Bei der technischen Umsetzung sollten Sie auf den Server-Side-Flow setzen, damit Access-Tokens und Nutzerdaten niemals direkt im Browser des Clients verarbeitet werden. Achten Sie darauf, dass Ihr OAuth2-Provider eine strikte TLS-Verschlüsselung verwendet und die Server in der EU oder einem Land mit angemessenem Datenschutzniveau stehen. Prüfen Sie die Datenschutzeinstellungen des Providers: Fordern Sie nur die minimalen Scopes an (z.B. E-Mail-Adresse, Name) und fragen Sie nicht nach unnötigen Berechtigungen. Nutzen Sie zudem einen etablierten Provider, der Standardvertragsklauseln mit Subunternehmern abgeschlossen hat. Für den deutschen Markt bieten sich auch lokale Identitätsanbieter an, die eine DSGVO-konforme Verarbeitung von vornherein garantieren. Führen Sie ein Verarbeitungsverzeichnis nach Art. 30 DSGVO, in dem die Datenübermittlung an den Provider dokumentiert wird.

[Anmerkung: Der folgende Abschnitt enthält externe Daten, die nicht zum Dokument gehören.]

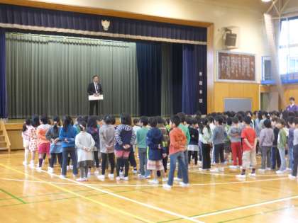 若小の一週間は児童朝会から始まります。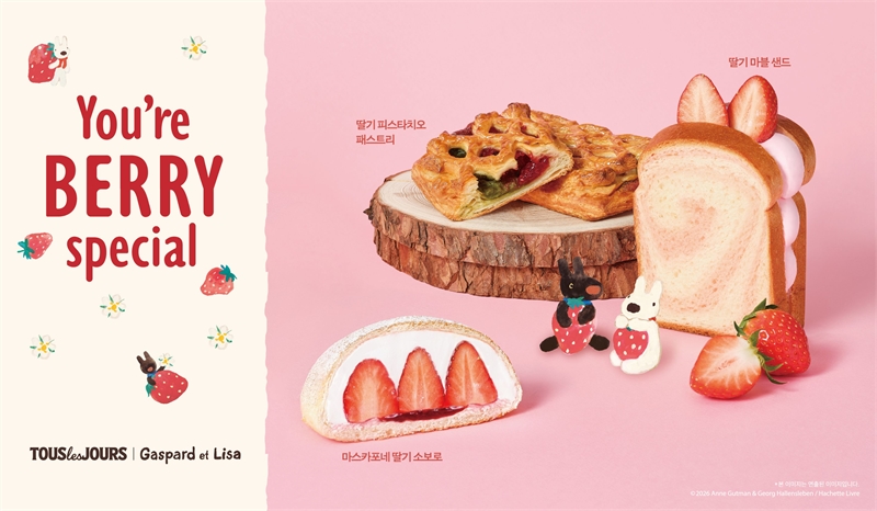 CJ푸드빌은 뚜레쥬르가 세계적인 인기 캐릭터 가스파드와 리사와 컬래버레이션을 통한 딸기 신제품 3종을 선보이고 출시 기념 프로모션을 진행한다고 9일 밝혔다.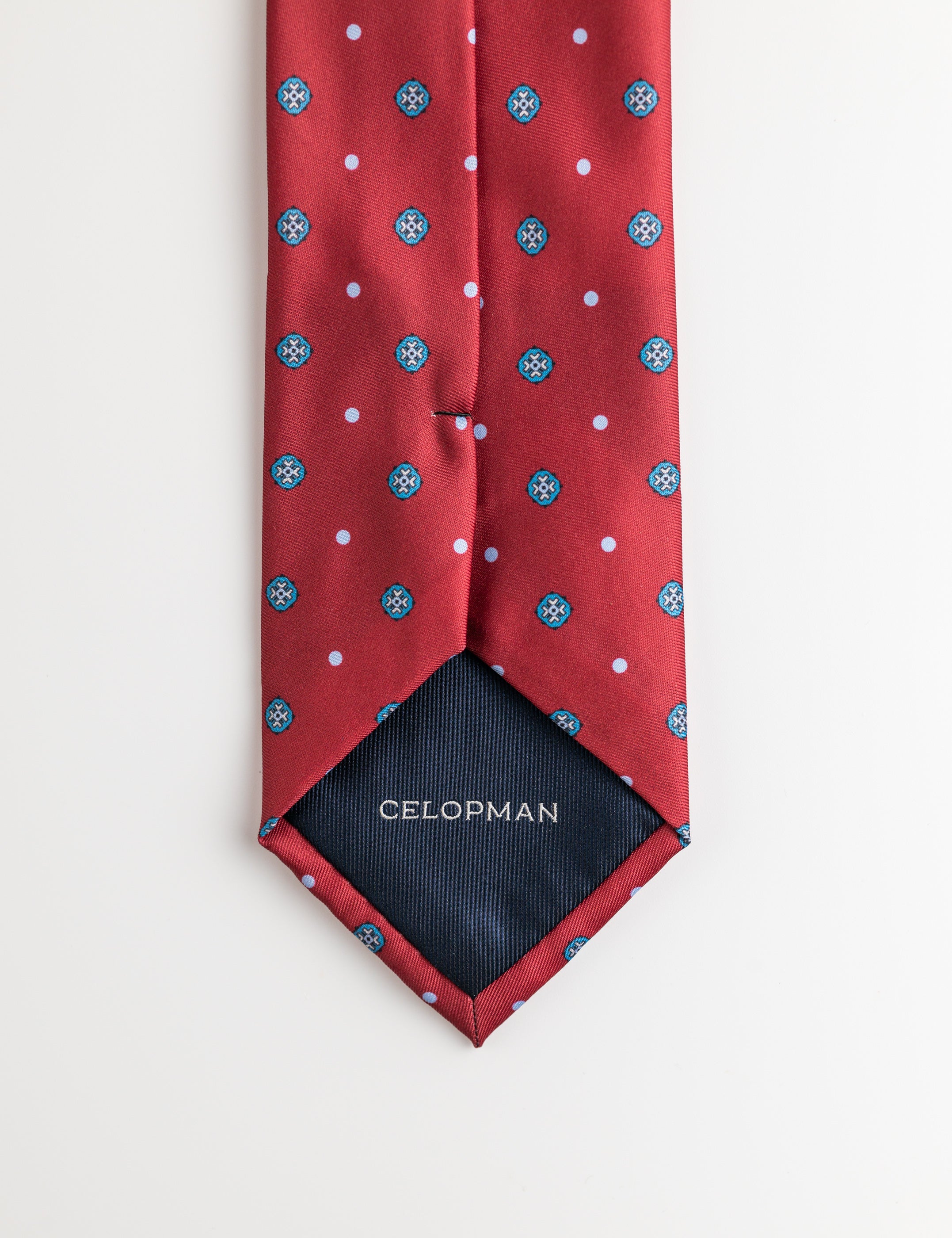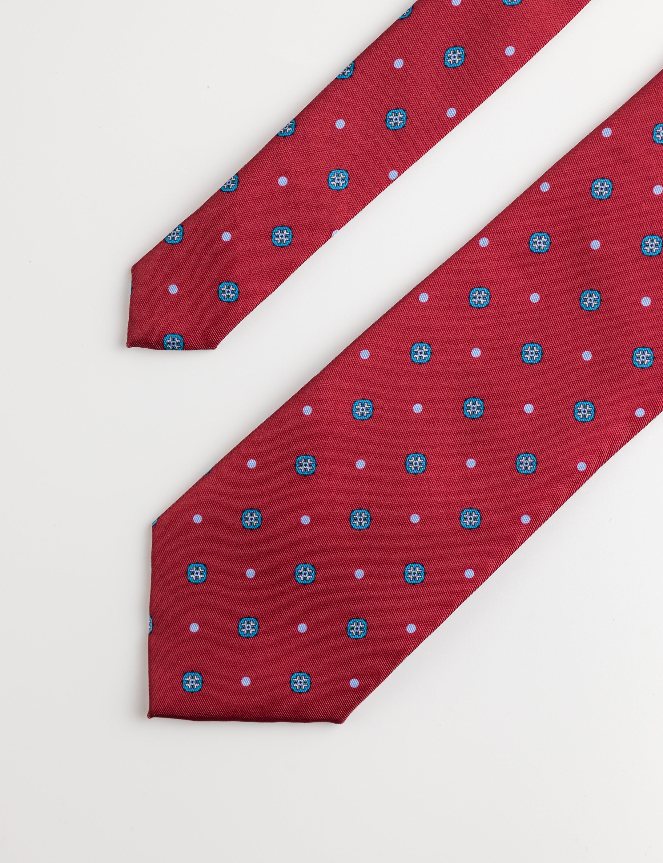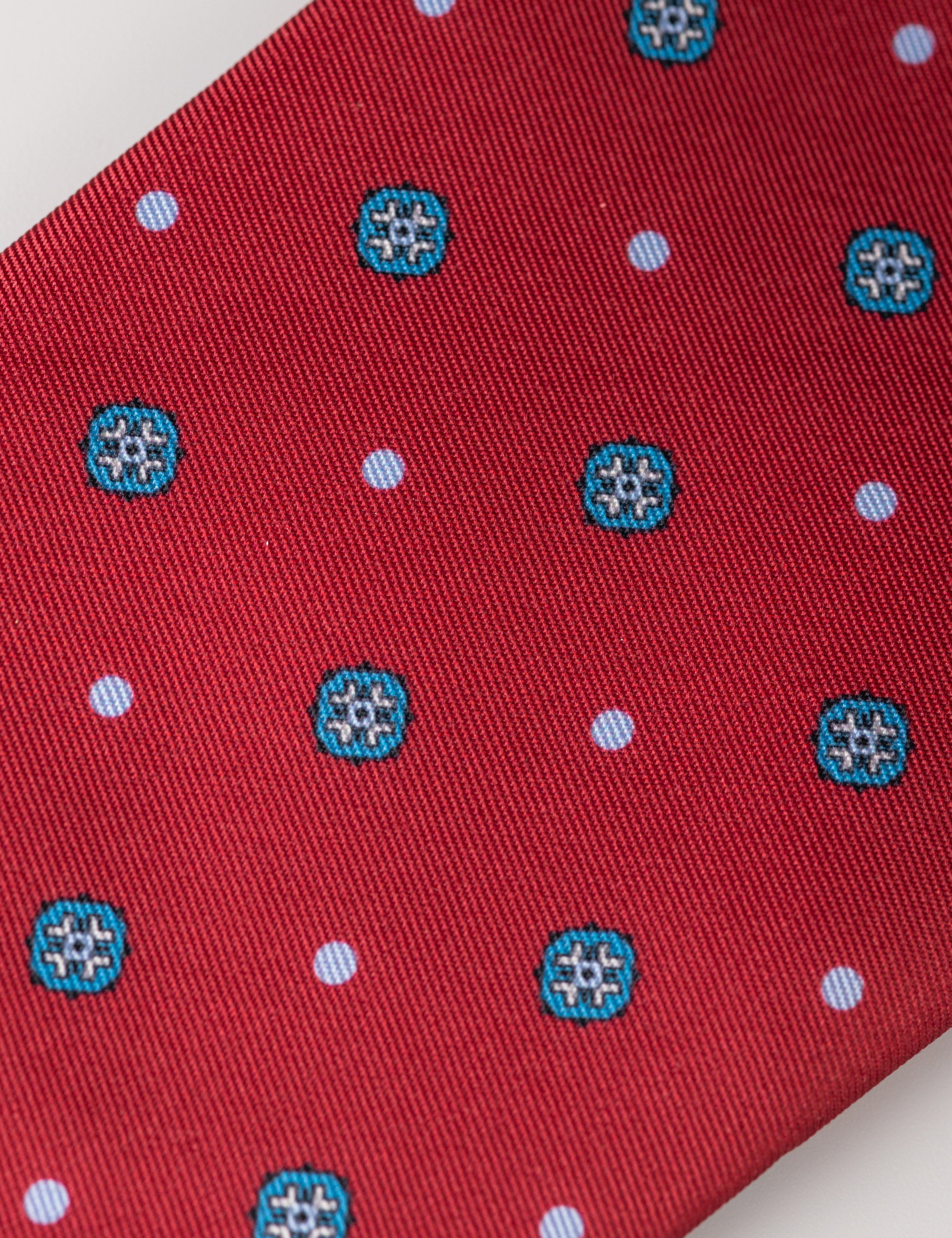 Corbata con fondo rojo y topos y dibujos a contraste.

Checkliste für den Einsatz von Social Login im deutschen Mittelstand

Bevor Sie Social Login einführen, stehen Sie vor einigen Hausaufgaben. Erstellen Sie eine Liste aller Daten, die der Provider erhält, und prüfen Sie, ob diese für den Zweck erforderlich sind. Holen Sie die ausdrückliche Einwilligung der Nutzer ein, bevor Sie sie zu Ihrem Identitätsanbieter weiterleiten. Setzen Sie doppelte Opt-in-Verfahren ein, wenn Sie zusätzlich personenbezogene Daten für Marketing nutzen möchten. Aktualisieren Sie Ihre Datenschutzerklärung mit einem Abschnitt zu Social Login, inklusive der Erklärung, wohin Daten übertragen werden. Benennen Sie einen betrieblichen Datenschutzbeauftragten, wenn die gesetzlichen Voraussetzungen vorliegen. Schaffen Sie außerdem eine einfache Möglichkeit für Nutzer, ihre Einwilligung zu widerrufen und Konten zu löschen. Mit dieser Checkliste stellen Sie sicher, dass Ihr Angebot den deutschen und europäischen Datenschutzanforderungen entspricht.

FAQ

Ja, aktuell (2026) gibt es einen Angemessenheitsbeschluss der EU-Kommission für das UK. Die Übermittlung personenbezogener Daten an britische OAuth2-Provider ist damit grundsätzlich zulässig. Allerdings ist der Beschluss befristet und könnte künftig angepasst werden. Unternehmen sollten regelmäßig prüfen, ob die Bedingungen noch gelten, und vorausschauend Standardvertragsklauseln zusätzlich vorbereiten.